I have a fairly large set of large XML files, from each of which I want to extract some data. I'm using an evaluation version of Altova XMLSpy
, in which I managed to get an XPATH
to work. However, I need the data in CSV
or text format, so I can use it in R or Excel for further evaluation and I cannot copy the results of the XPATH to a file.
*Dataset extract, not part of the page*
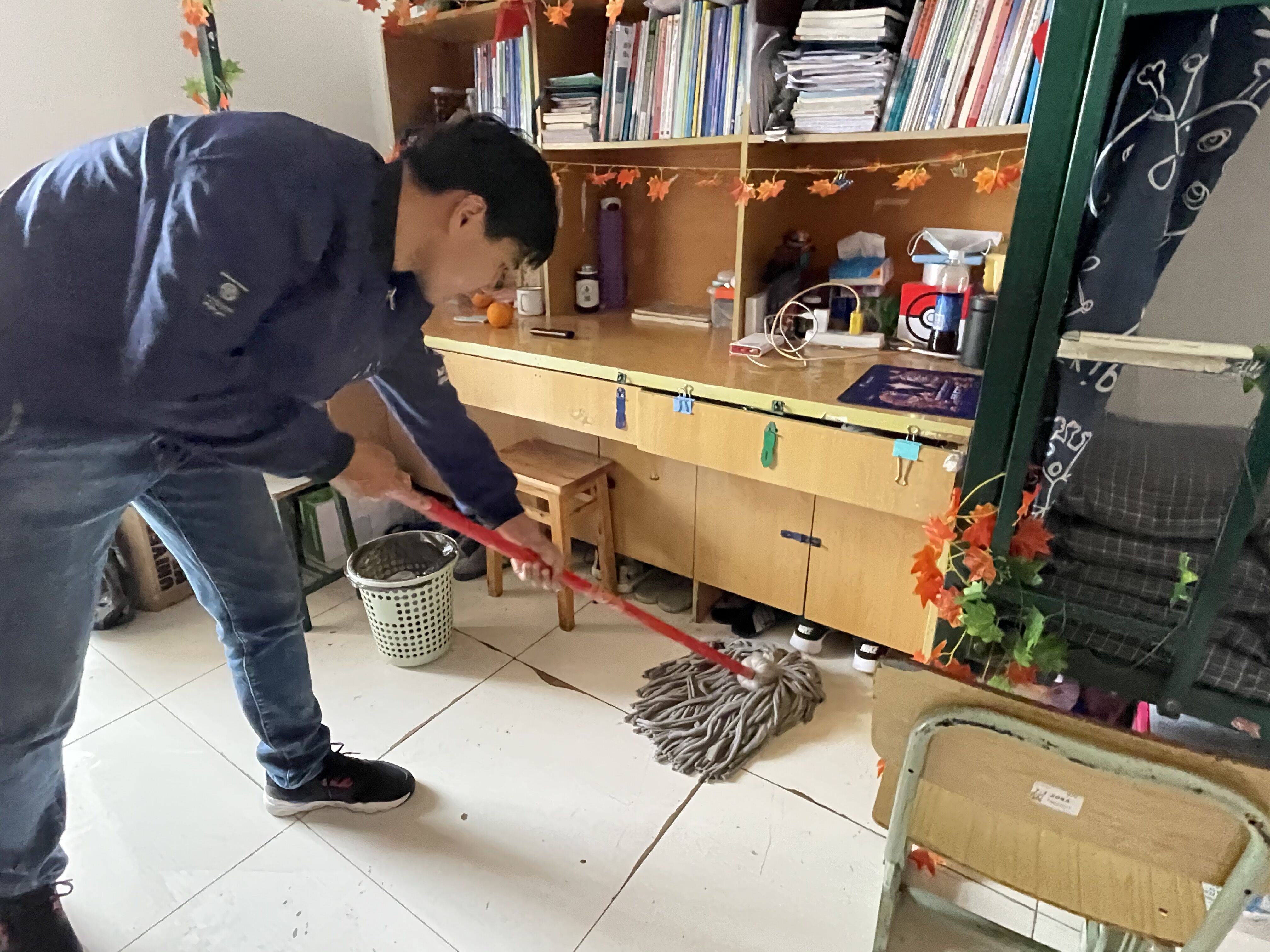 在活动过程中,同学们积极认真,为宿舍的整洁尽自己最大的一份力量。“宿舍是我家,卫生靠大家。”宿舍成员在明确各自责任区域后,立刻对打扫区域进行彻底清洁,保质高效地完成任务。最终,在大家的共同努力下,宿舍焕然一新,洁净如初。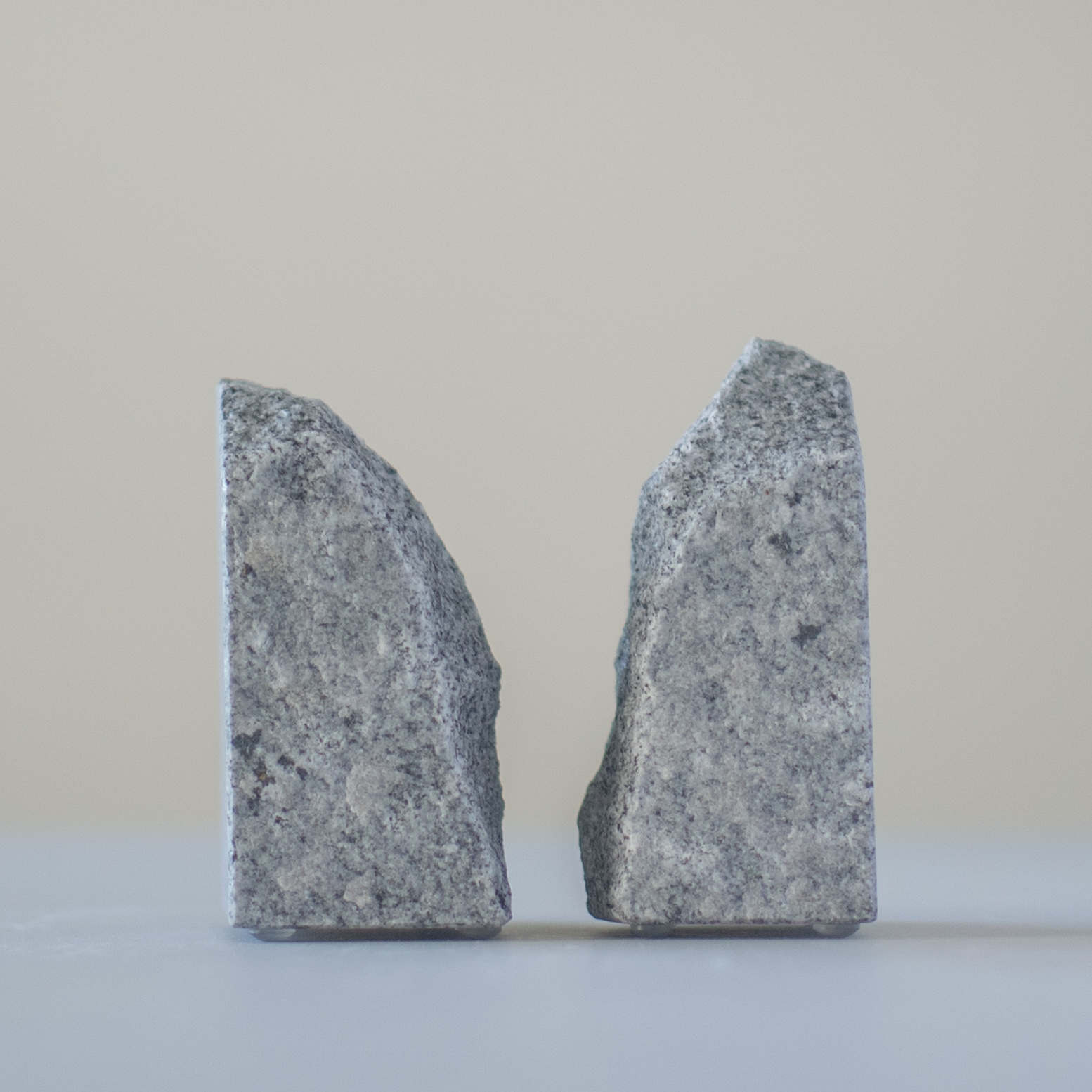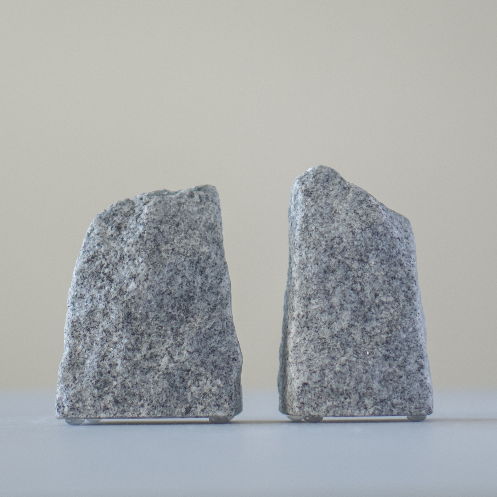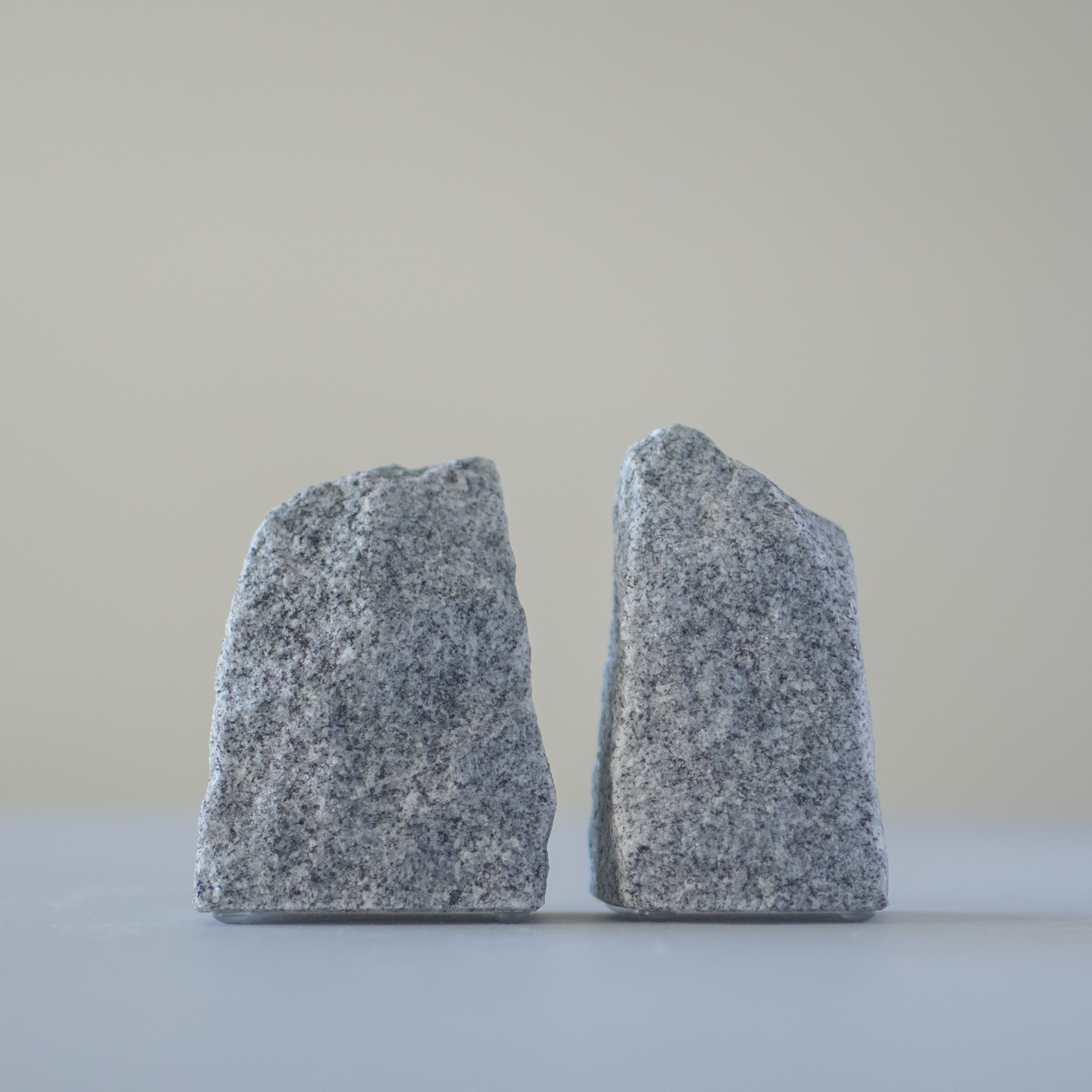 「花崗岩のダイヤモンド」とも呼ばれる庵治石(あじいし)を2つに割り、本に接する面と底面は本や設置面を傷めないように研きの加工が施され、ガラス面のようなつるりとした滑らかさです。

I found that using XQUERY
I would be able to, but I fail to get the XQUERY
to work for at least one file.
The XML is structured like:
<d2LogicalModel xmlns:xsd="http://www.w3.org/2001/XMLSchema" xmlns:xsi="http://www.w3.org/2001/XMLSchema-instance" xmlns="http://datex2.eu/schema/2_0/2_0" modelBaseVersion="2.0" xsi:schemaLocation="http://datex2.eu/schema/2_0/2_0 D:\NDW\CSS\DataGenerator\DATEXIISchema_2_0_2_0.xsd">
<payloadPublication xmlns="http://datex2.eu/schema/2_0/2_0" xsi:type="MeasuredDataPublication" lang="nl">
<publicationTime>2011-04-21T05:58:34Z</publicationTime>
<publicationCreator>
<country>nl</country>
<nationalIdentifier>NDW-CNS</nationalIdentifier>
</publicationCreator>
<measurementSiteTableReference>NDW01_MT_321</measurementSiteTableReference>
<headerInformation>
<areaOfInterest>national</areaOfInterest>
<confidentiality>restrictedToAuthorities</confidentiality>
<informationStatus>real</informationStatus>
</headerInformation>
<siteMeasurements>
<measurementSiteReference>GRT01_MORO_1002_2</measurementSiteReference>
<measurementTimeDefault>2011-04-21T05:57:00Z</measurementTimeDefault>
<measuredValue index="1">
<basicDataValue xsi:type="TrafficSpeed"/>
</measuredValue>
<measuredValue index="2">
<basicDataValue xsi:type="TrafficSpeed"/>
</measuredValue>
<measuredValue index="3">
<basicDataValue xsi:type="TrafficSpeed"/>
</measuredValue>
<measuredValue index="4">
<basicDataValue xsi:type="TrafficSpeed"/>
</measuredValue>
<measuredValue index="5">
<basicDataValue xsi:type="TrafficSpeed"/>
</measuredValue>
<measuredValue index="6">
<basicDataValue xsi:type="TrafficSpeed"/>
</measuredValue>
</siteMeasurements>
<siteMeasurements>
<measurementSiteReference>RWS01_MONIBAS_0021hrr2131ra</measurementSiteReference>
<measurementTimeDefault>2011-04-21T05:57:00Z</measurementTimeDefault>
<measuredValue index="1">
<basicDataValue xsi:type="TrafficFlow">
<time>2011-04-21T05:56:00Z</time>
<vehicleFlow>900</vehicleFlow>
</basicDataValue>
</measuredValue>
<measuredValue index="2">
<basicDataValue xsi:type="TrafficSpeed">
<numberOfInputValuesUsed>60</numberOfInputValuesUsed>
<standardDeviation>0</standardDeviation>
<time>2011-04-21T05:56:00Z</time>
<averageVehicleSpeed>115</averageVehicleSpeed>
</basicDataValue>
</measuredValue>
<measuredValue index="3">
<basicDataValue xsi:type="TrafficFlow">
<time>2011-04-21T05:56:00Z</time>
<vehicleFlow>1020</vehicleFlow>
</basicDataValue>
</measuredValue>
<measuredValue index="4">
<basicDataValue xsi:type="TrafficSpeed">
<numberOfInputValuesUsed>60</numberOfInputValuesUsed>
<standardDeviation>0</standardDeviation>
<time>2011-04-21T05:56:00Z</time>
<averageVehicleSpeed>104</averageVehicleSpeed>
</basicDataValue>
</measuredValue>
</siteMeasurements>
I want to filter on a specific value for measurementSiteReference and get the results of all measuredValue
with a basicDataValue
for TrafficFlow
, preferably in the format of:
index, value, timestamp
1, 900, 05:56:00
3, 1020, 05:56:00
I have the following XPATH:
//text()[contains(.,"GEO01_Z_RWSTI1011")]/parent::*/parent::*/descendant::measuredValue[(@index)]/basicDataValue/vehicleFlow
This gives me the results for one file, but I cannot find a way to convert that XPATH
to an XQUERY
. The current XQUERY returns no results:
let $nl := " "
for $x in doc("TrafficSpeed 20110421 0800-1559\0800_trafficspeed")/d2LogicalModel/payloadPublication/siteMeasurements
where $x/measurementSiteReference/text()[contains(.,"GEO01_Z_RWSTI1011")]
return concat($x/measurementSiteReference/measuredValue,$nl)
How could I get the return I want using XQUERY?